Instructions for the task:
Leaving out every picture, copy the lines of the data exactly, from the first through the line containing "This is an authentic".

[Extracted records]
*****

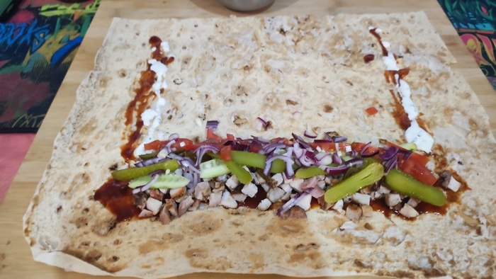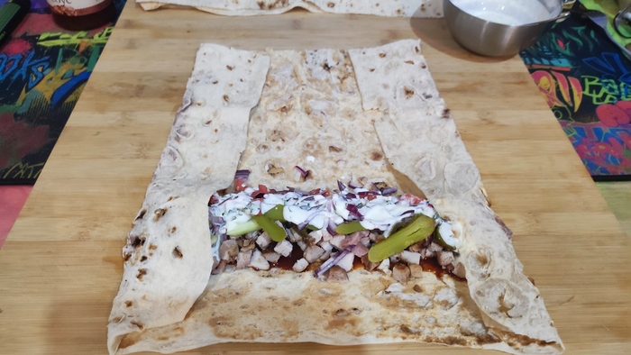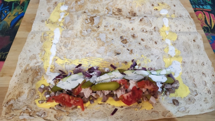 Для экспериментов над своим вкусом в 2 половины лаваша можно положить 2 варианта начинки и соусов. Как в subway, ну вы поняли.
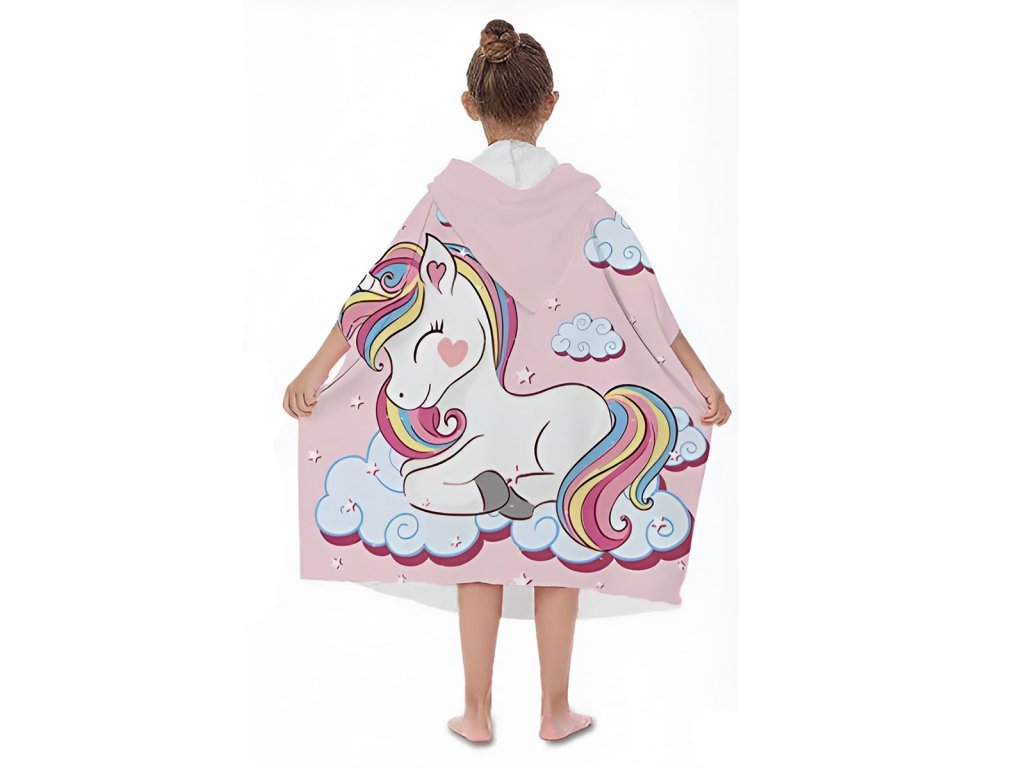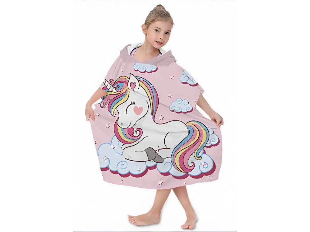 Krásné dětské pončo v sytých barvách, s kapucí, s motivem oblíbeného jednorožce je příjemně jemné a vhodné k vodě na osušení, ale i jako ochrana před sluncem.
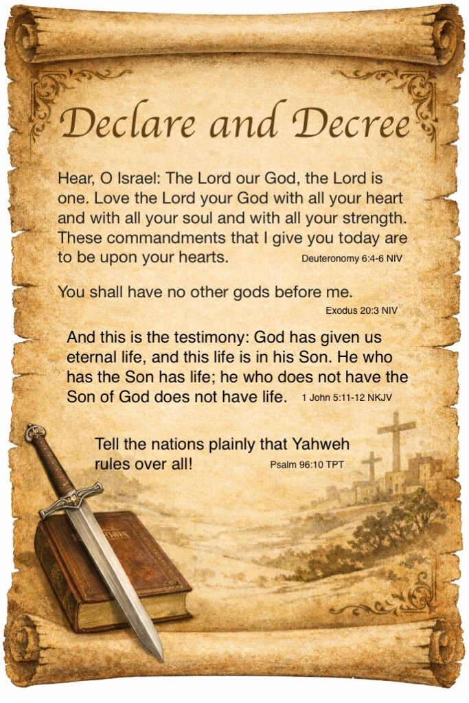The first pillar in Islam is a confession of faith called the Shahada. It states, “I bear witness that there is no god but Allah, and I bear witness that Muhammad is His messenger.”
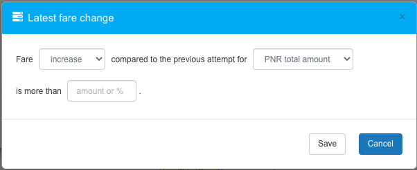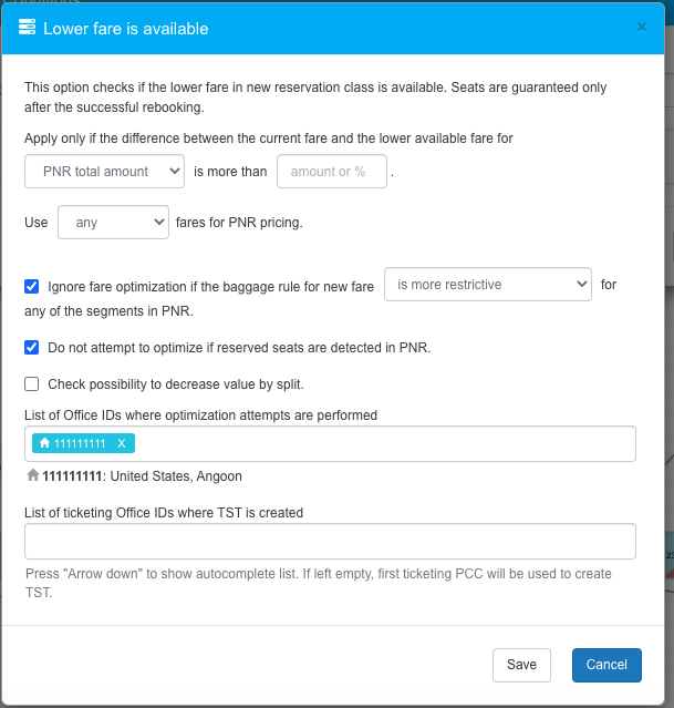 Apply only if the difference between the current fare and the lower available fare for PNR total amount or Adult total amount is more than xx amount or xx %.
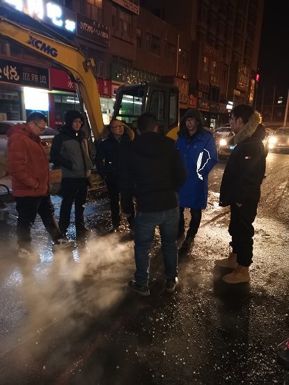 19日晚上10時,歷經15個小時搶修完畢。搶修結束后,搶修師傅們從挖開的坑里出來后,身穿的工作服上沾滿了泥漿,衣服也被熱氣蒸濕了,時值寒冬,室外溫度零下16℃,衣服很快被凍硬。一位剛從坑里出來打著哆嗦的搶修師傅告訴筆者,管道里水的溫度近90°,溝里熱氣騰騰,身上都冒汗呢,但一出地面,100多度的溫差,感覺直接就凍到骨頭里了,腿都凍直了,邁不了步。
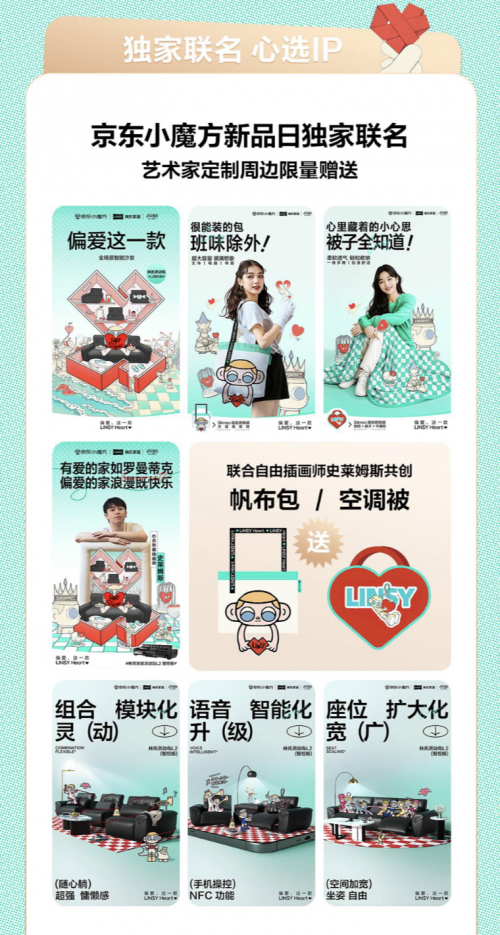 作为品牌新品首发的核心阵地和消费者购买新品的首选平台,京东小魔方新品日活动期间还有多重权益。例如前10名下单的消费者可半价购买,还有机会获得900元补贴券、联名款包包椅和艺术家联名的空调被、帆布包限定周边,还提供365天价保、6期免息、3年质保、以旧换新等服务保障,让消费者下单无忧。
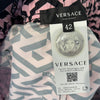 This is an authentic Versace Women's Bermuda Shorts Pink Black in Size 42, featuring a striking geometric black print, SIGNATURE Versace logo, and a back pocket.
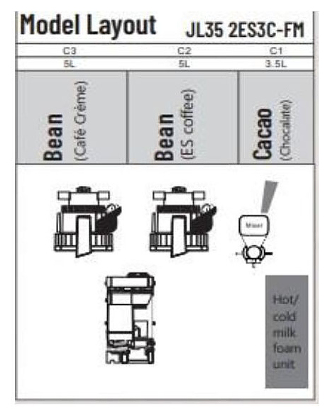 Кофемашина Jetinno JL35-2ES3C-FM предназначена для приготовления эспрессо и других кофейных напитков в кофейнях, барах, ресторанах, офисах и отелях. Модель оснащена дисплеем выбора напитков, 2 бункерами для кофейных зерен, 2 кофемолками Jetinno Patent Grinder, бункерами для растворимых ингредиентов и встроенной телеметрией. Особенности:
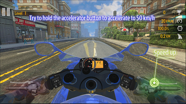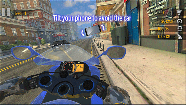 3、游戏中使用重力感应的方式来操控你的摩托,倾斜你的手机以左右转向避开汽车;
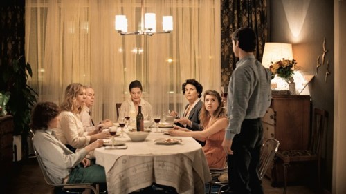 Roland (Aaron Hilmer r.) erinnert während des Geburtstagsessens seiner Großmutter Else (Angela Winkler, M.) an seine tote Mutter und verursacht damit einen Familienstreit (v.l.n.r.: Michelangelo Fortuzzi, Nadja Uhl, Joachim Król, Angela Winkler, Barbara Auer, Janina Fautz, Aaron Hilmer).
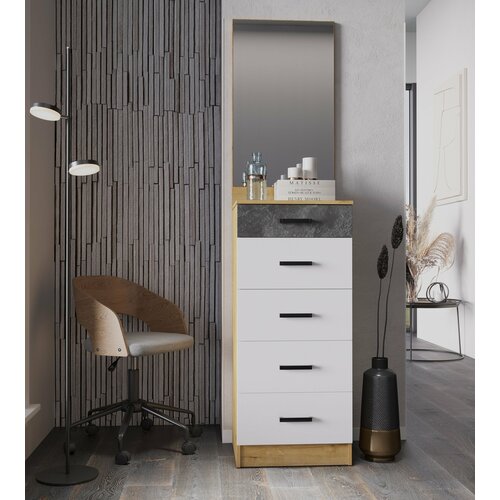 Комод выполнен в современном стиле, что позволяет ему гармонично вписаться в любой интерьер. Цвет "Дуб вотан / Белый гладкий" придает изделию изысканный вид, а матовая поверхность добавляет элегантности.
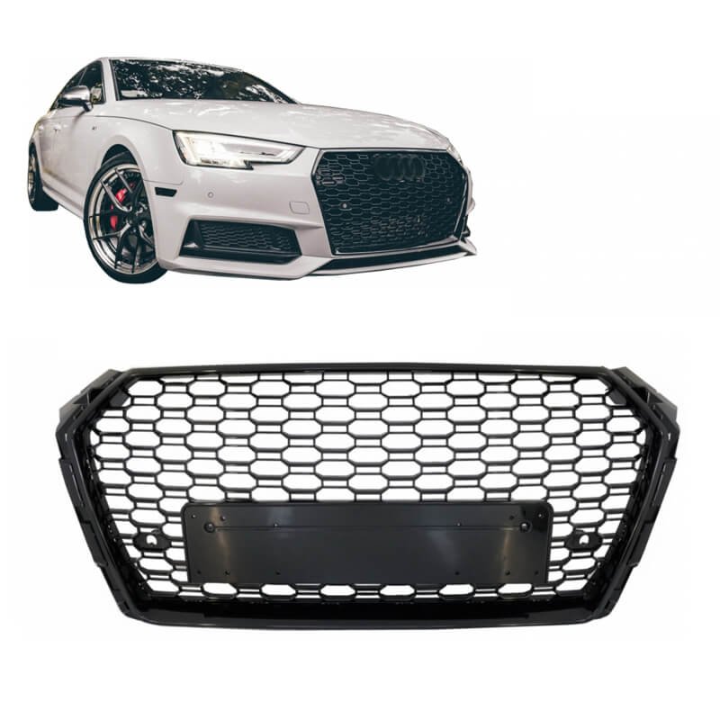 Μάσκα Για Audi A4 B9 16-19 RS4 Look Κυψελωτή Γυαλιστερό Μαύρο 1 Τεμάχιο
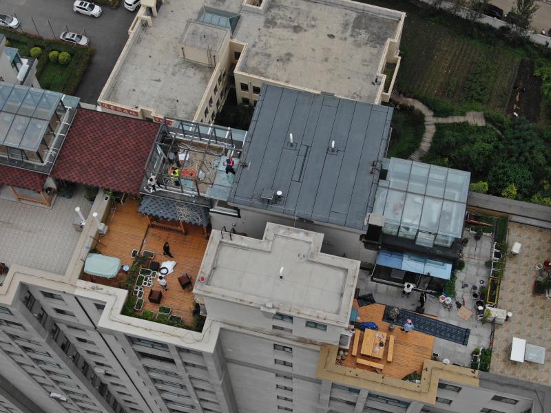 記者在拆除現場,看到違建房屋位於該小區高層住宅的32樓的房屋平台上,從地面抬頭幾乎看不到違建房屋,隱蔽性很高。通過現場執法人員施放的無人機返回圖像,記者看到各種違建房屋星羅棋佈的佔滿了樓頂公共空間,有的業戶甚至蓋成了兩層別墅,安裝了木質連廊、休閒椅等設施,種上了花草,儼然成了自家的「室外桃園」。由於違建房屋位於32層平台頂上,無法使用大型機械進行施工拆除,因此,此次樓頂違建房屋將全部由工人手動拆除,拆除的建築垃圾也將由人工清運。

*****

Result below:
 Для экспериментов над своим вкусом в 2 половины лаваша можно положить 2 варианта начинки и соусов. Как в subway, ну вы поняли.
 Krásné dětské pončo v sytých barvách, s kapucí, s motivem oblíbeného jednorožce je příjemně jemné a vhodné k vodě na osušení, ale i jako ochrana před sluncem.
The first pillar in Islam is a confession of faith called the Shahada. It states, “I bear witness that there is no god but Allah, and I bear witness that Muhammad is His messenger.”
 Apply only if the difference between the current fare and the lower available fare for PNR total amount or Adult total amount is more than xx amount or xx %.
 19日晚上10時,歷經15個小時搶修完畢。搶修結束后,搶修師傅們從挖開的坑里出來后,身穿的工作服上沾滿了泥漿,衣服也被熱氣蒸濕了,時值寒冬,室外溫度零下16℃,衣服很快被凍硬。一位剛從坑里出來打著哆嗦的搶修師傅告訴筆者,管道里水的溫度近90°,溝里熱氣騰騰,身上都冒汗呢,但一出地面,100多度的溫差,感覺直接就凍到骨頭里了,腿都凍直了,邁不了步。
 作为品牌新品首发的核心阵地和消费者购买新品的首选平台,京东小魔方新品日活动期间还有多重权益。例如前10名下单的消费者可半价购买,还有机会获得900元补贴券、联名款包包椅和艺术家联名的空调被、帆布包限定周边,还提供365天价保、6期免息、3年质保、以旧换新等服务保障,让消费者下单无忧。
 This is an authentic Versace Women's Bermuda Shorts Pink Black in Size 42, featuring a striking geometric black print, SIGNATURE Versace logo, and a back pocket.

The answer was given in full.